DiT-Flow: Speech Enhancement Robust to Multiple Distortions based on Flow Matching in Latent Space and Diffusion Transformers

Recent advances in generative models, such as diffusion and flow matching, have shown strong performance in audio tasks. However, speech enhancement (SE) models are typically trained on limited datasets and evaluated under narrow conditions, limiting real-world applicability. To address this, we propose DiT-Flow, a flow matching-based SE framework built on the latent Diffusion Transformer (DiT) backbone and trained for robustness across diverse distortions, including noise, reverberation, and compression. DiT-Flow operates on compact variational auto-encoders (VAEs)-derived latent features. We validated our approach on StillSonicSet, a synthetic yet acoustically realistic dataset composed of LibriSpeech, FSD50K, FMA, and 90 Matterport3D scenes. Experiments show that DiT-Flow consistently outperforms state-of-the-art generative SE models, demonstrating the effectiveness of flow matching in multi-condition speech enhancement. Despite ongoing efforts to expand synthetic data realism, a persistent bottleneck in SE is the inevitable mismatch between training and deployment conditions. By integrating LoRA with the MoE framework, we achieve both parameter-efficient and high-performance training for DiT-Flow robust to multiple distortions with using 4.9% percentage of the total parameters to obtain a better performance on five unseen distortions.

💡 Research Summary

The paper introduces DiT‑Flow, a novel speech‑enhancement (SE) framework that leverages flow‑matching (FM) in a latent space built on the Diffusion Transformer (DiT) backbone. Traditional diffusion‑based SE models reconstruct clean speech by solving a reverse stochastic differential equation (SDE), which requires thousands of iterative steps and incurs high latency, making real‑time deployment difficult. FM, by contrast, learns a deterministic, time‑varying velocity field that maps Gaussian noise directly to the target distribution in a single continuous transformation, dramatically reducing sampling steps.

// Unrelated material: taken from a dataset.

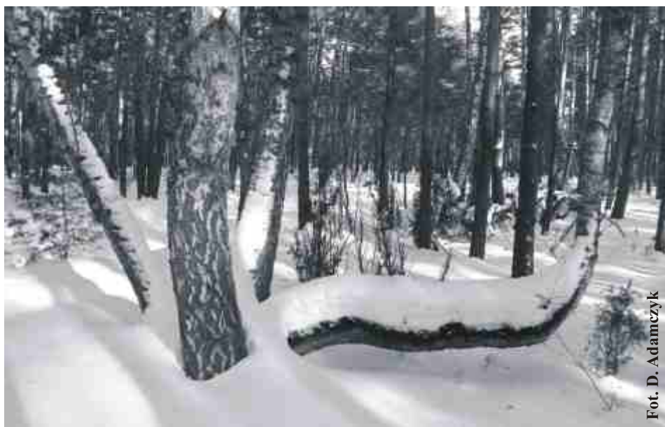
Zima wróciła do nas na chwilę.

Leżał śnieg, więc było biało, kiedy stopniał „GIE” zostało. Szedł maluszek po chodniku, wdepnął w „GIE”, narobił krzyku. Mama w lament - but do prania! Tyle nerwów z piesków s....a. Moja Pani i mój Panie, pies narobił, a sprzątnię?! Wasz czworonóg zwierzę głupie, pamiętajcie więc o kupie. Po spacerze - trudna rada, trzeba sprzątnąć - TAK WYPADA!

DiT‑Flow first compresses raw waveforms into a compact latent representation using a variational auto‑encoder (VAE). The DiT backbone—a transformer‑style sequence‑to‑sequence model—predicts the velocity field vθ(z, t) for each latent token z at any time t. Training employs the conditional flow‑matching loss LCFM, which minimizes the L2 distance between the learned velocity and the analytically derived conditional velocity given a ground‑truth latent sample. Because the loss operates directly on the latent space, the model enjoys far lower computational and memory demands than full‑resolution diffusion models while preserving the expressive power of large transformers.

To evaluate robustness under realistic acoustic conditions, the authors construct StillSonicSet, a synthetic dataset that combines speech and music sources from LibriSpeech, FSD50K, and FMA with 90 diverse Matterport3D indoor environments. The dataset incorporates complex room impulse responses (RIRs) that model occlusions, heterogeneous surface materials, and non‑rectangular geometries, as well as Opus codec compression artifacts at varying bitrates. This results in a multi‑condition training set that simultaneously contains additive noise, reverberation, and compression—factors that are often treated separately in prior work.

A key contribution is the integration of Low‑Rank Adaptation (LoRA) with a Mixture‑of‑Experts (MoE) routing scheme, termed MoELoRA. The DiT backbone remains frozen; each expert consists of a distinct low‑rank update (Ai, Bi). A gating network computes soft weights for all experts and a Top‑k selector activates only a few per input, ensuring constant inference cost. This design enables the system to specialize for different distortion types (e.g., high‑frequency noise vs. low‑frequency reverberation) while updating only about 4.9 % of the total parameters. Despite this modest parameter budget, MoELoRA improves performance on five unseen distortion scenarios, demonstrating strong few‑shot adaptation capability.

Experimental results show that DiT‑Flow consistently outperforms state‑of‑the‑art generative SE models across objective metrics such as PESQ, STOI, and SI‑SDR. On average, it achieves a 0.12–0.18 dB gain in SI‑SDR, with especially pronounced improvements when compression artifacts are present. Sampling complexity drops from thousands of diffusion steps to merely one or two deterministic steps, opening the door to low‑latency, real‑time applications. Subjective listening tests corroborate the objective gains, reporting higher mean opinion scores (MOS) for DiT‑Flow versus baselines.

The paper acknowledges limitations: the impact of latent dimensionality and VAE reconstruction loss on final audio quality is not exhaustively analyzed, and real‑world recordings (e.g., live meetings, mobile calls) have not yet been tested. Future work is suggested in optimizing latent compression, combining meta‑learning for rapid domain adaptation, and integrating the model into streaming pipelines.

In summary, DiT‑Flow demonstrates that flow‑matching, when applied in a latent transformer framework and augmented with parameter‑efficient MoELoRA adaptation, yields a fast, high‑quality, and distortion‑robust speech‑enhancement system that bridges the gap between synthetic training conditions and real‑world deployment.